> **ASSIGNMENT**
Using the entries below, write out the line with "Nous vous proposons", the line with "August, Trowbridge, Lexington等。", and every line in between, exactly as each is written.

Records drawn from a dataset

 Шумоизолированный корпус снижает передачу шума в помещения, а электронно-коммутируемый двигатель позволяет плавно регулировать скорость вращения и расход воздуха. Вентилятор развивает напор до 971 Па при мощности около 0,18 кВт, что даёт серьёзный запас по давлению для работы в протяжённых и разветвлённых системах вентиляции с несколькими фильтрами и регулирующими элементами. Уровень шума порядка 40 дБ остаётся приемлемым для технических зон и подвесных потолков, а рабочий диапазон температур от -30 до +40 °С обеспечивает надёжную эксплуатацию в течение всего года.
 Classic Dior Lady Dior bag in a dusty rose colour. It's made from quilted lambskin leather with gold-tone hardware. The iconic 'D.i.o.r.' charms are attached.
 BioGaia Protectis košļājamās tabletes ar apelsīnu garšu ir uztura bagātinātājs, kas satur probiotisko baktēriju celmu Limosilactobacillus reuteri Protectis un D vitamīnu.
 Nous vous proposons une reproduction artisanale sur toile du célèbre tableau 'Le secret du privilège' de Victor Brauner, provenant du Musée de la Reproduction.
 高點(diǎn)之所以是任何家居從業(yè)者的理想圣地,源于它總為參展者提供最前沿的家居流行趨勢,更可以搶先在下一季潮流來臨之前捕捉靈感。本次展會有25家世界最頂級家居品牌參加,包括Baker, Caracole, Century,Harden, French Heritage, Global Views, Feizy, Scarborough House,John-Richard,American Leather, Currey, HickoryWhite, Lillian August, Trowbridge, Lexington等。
* * *
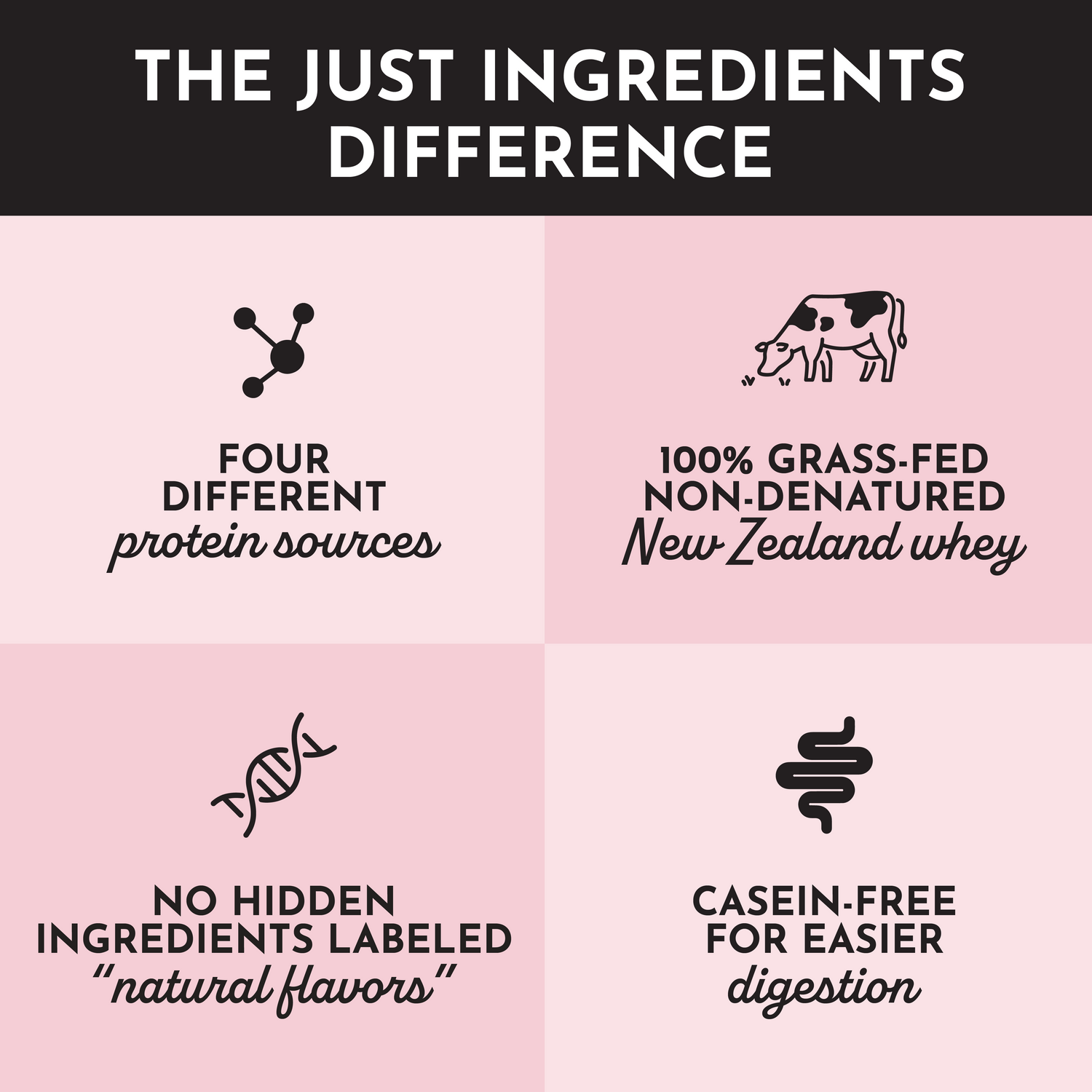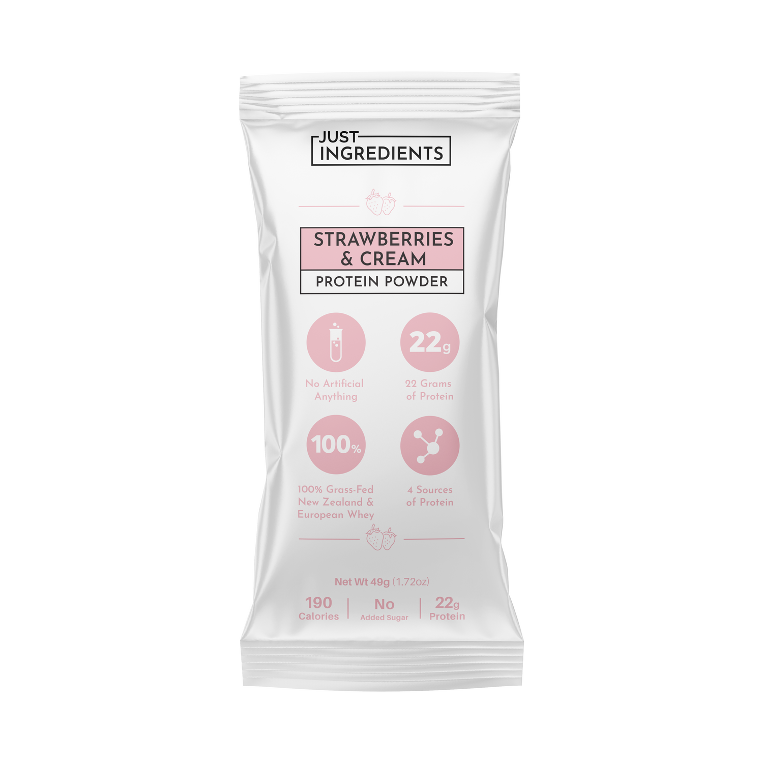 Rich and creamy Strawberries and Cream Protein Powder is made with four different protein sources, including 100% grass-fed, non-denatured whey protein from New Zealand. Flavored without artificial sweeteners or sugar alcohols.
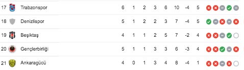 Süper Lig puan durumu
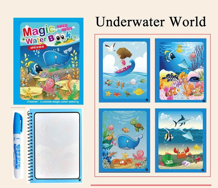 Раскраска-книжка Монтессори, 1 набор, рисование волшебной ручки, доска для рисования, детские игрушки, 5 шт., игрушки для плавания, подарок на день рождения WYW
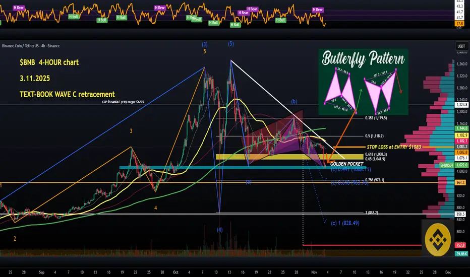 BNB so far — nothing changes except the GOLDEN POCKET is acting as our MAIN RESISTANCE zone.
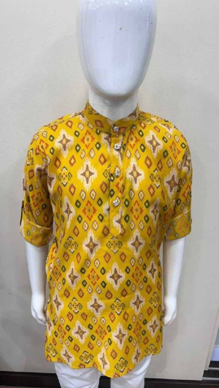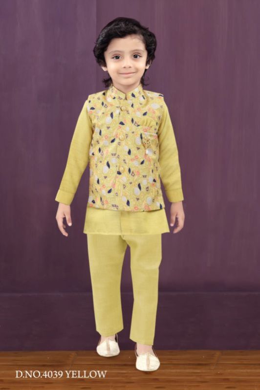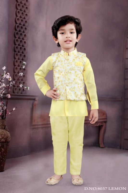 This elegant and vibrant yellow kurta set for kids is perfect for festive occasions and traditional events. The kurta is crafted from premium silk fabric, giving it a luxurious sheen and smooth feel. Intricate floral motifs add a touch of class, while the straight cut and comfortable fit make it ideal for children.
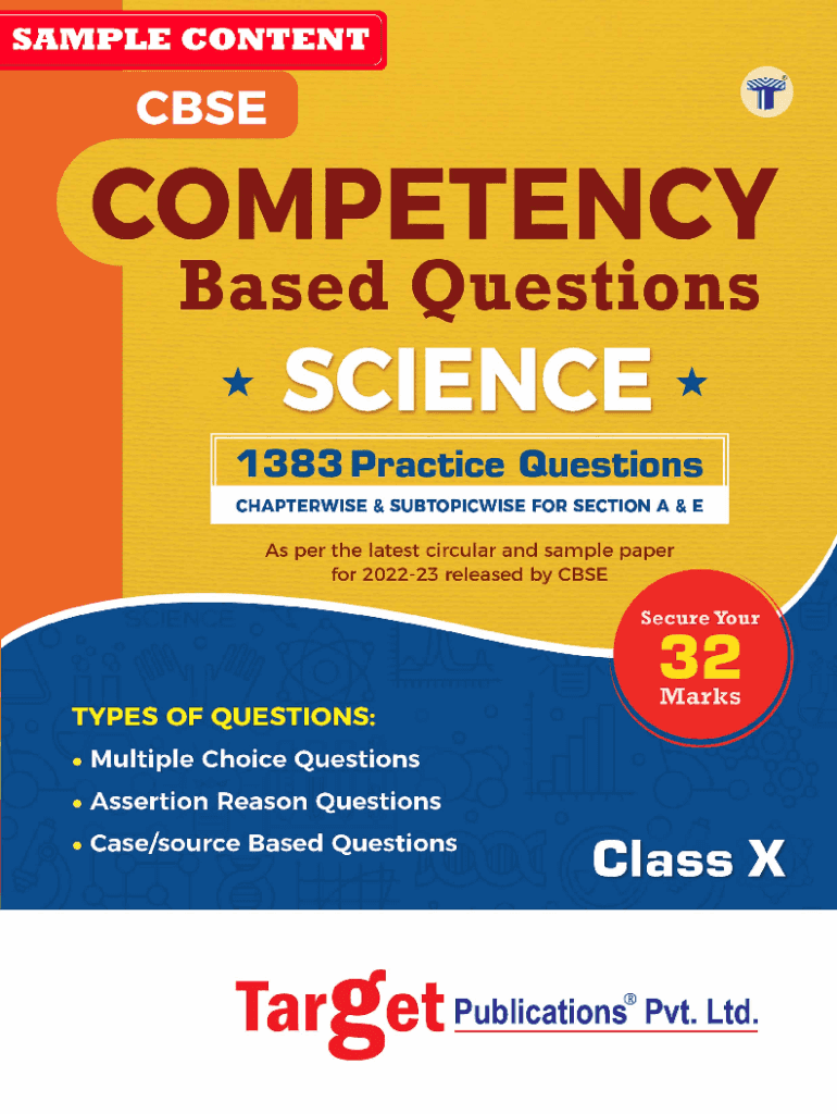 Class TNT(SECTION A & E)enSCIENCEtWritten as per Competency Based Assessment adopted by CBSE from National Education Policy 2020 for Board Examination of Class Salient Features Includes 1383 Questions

> **REPLY TO THE EXERCISE**
 Nous vous proposons une reproduction artisanale sur toile du célèbre tableau 'Le secret du privilège' de Victor Brauner, provenant du Musée de la Reproduction.
 高點(diǎn)之所以是任何家居從業(yè)者的理想圣地,源于它總為參展者提供最前沿的家居流行趨勢,更可以搶先在下一季潮流來臨之前捕捉靈感。本次展會有25家世界最頂級家居品牌參加,包括Baker, Caracole, Century,Harden, French Heritage, Global Views, Feizy, Scarborough House,John-Richard,American Leather, Currey, HickoryWhite, Lillian August, Trowbridge, Lexington等。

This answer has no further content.